Shabbiha: Assad’s Paramilitaries and Mass Violence in Syria
October 3, 2019 at 4:00 PM Pacific Time
A public lecture by Uğur Ümit Üngör (Associate Professor at the Department of History, Utrecht University, and Research Fellow, NIOD Institute for War, Holocaust, and Genocide Studies, Amsterdam)
Organized by the USC Shoah Foundation Center for Advanced Genocide Research
Cosponsored by the USC Department of Middle East Studies
This lecture offers an examination of pro-state paramilitary violence in the Syrian conflict. It analyzes the emergence and transformation of pro-state paramilitarism in Syria in the context of the uprising and civil war. It focuses on the Syrian government’s deployment of the Shabbiha (later renamed ‘National Defense Forces’), irregular paramilitaries dressed in civilian gear and committing a broad spectrum of violence, including torture, kidnapping, assassination, sexual violence, and a string of massacres across the country.
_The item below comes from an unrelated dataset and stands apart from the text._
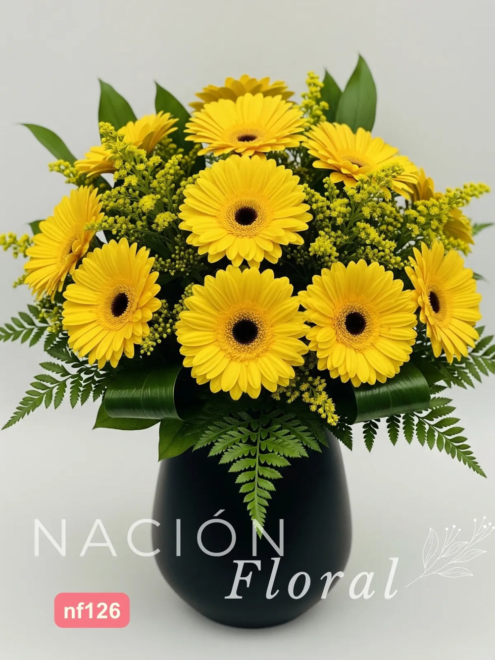 Este arreglo combina la vitalidad radiante de 10 gerberas amarillas con la ligereza aireada del solidago, creando un efecto de movimiento y frescura. El follaje leather añade un toque de textura moderna, mientras el florero de cerámica negro o gris (a elección) aporta un contraste sofisticado. Ideal para: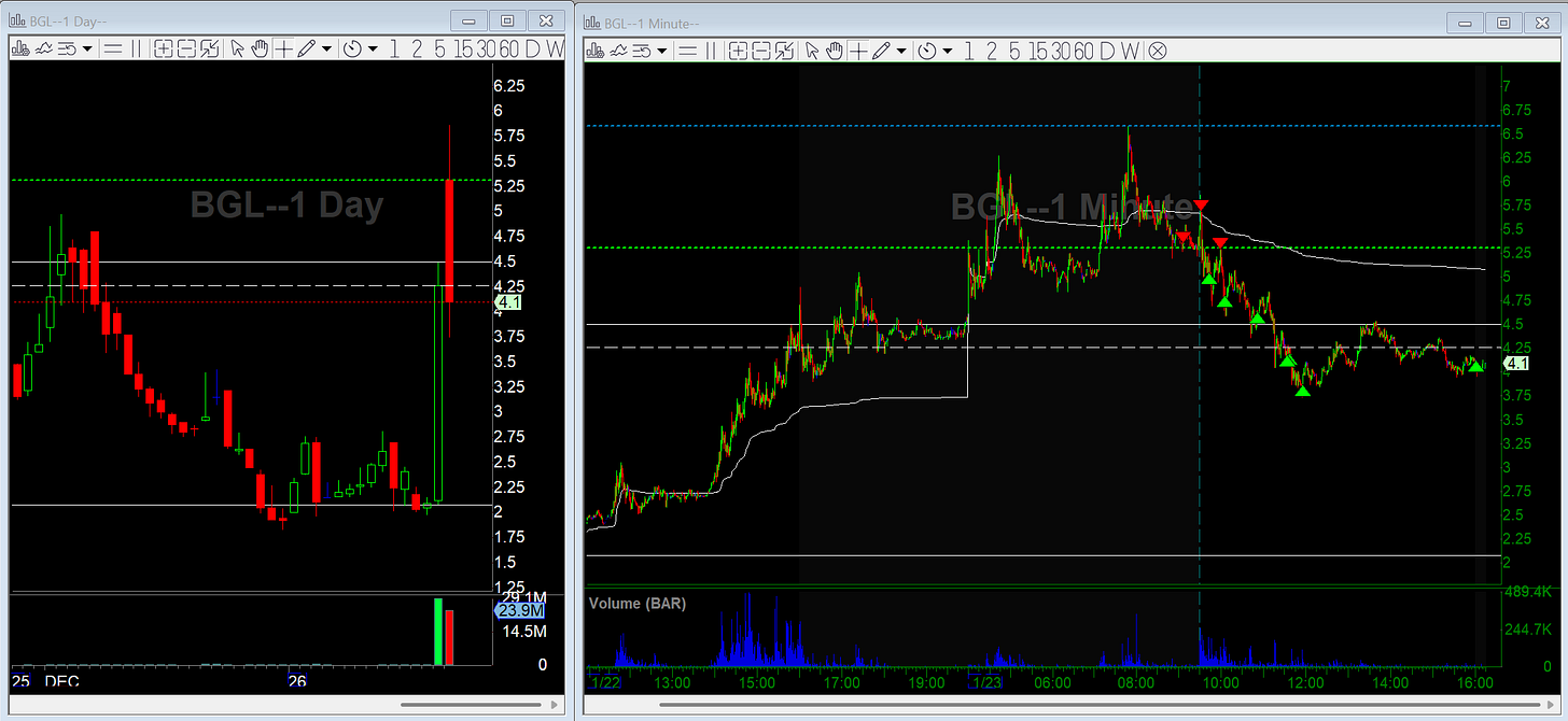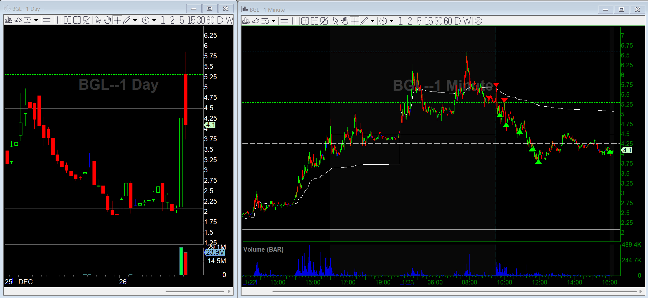 BGL was up roughly 150% in two days, riding the tailwinds of the gold move. It’s an African gold mining co but based in the Cayman Islands (hint hint). No fundamental reason to be extended that far, so the idea was simple: look for a fade once momentum turned.

Based on 7 years of ethnographic fieldwork including 80+ interviews with victims, perpetrators, and other eye witnesses, I argue that the Shabbiha phenomenon manifests a fundamental complexity in its appearance, identity, motives, cleavage, and regional varieties. To unravel some of these complexities, the paper looks at the micro-dynamics of Shabbiha violence in the city of Homs as a particularly instructive example of pro-state paramilitarism.
Uğur Ümit Üngör is Associate Professor at the Department of History at Utrecht University and Research Fellow at the NIOD Institute for War, Holocaust, and Genocide Studies in Amsterdam. His main area of interest is mass violence in the Middle East in the 20th and 21st centuries. He is an editor of the Journal of Perpetrator Research, and coordinator of the Syrian Oral History Project. His publications include Genocide: New Perspectives on its Causes, Courses and Consequences (Amsterdam University Press, 2016, ed.), Confiscation and Destruction: The Young Turk Seizure of Armenian Property (Continuum, 2011), the award-winning The Making of Modern Turkey: Nation and State in Eastern Anatolia, 1913-1950 (Oxford University Press, 2011), and the monograph Paramilitarism: Mass Violence in the Shadow of the State (Oxford University Press, 2019). He is currently working on his forthcoming monograph Shabbiha: Assad’s Militias and Mass Violence in Syria (University of Pennsylvania Press, 2020).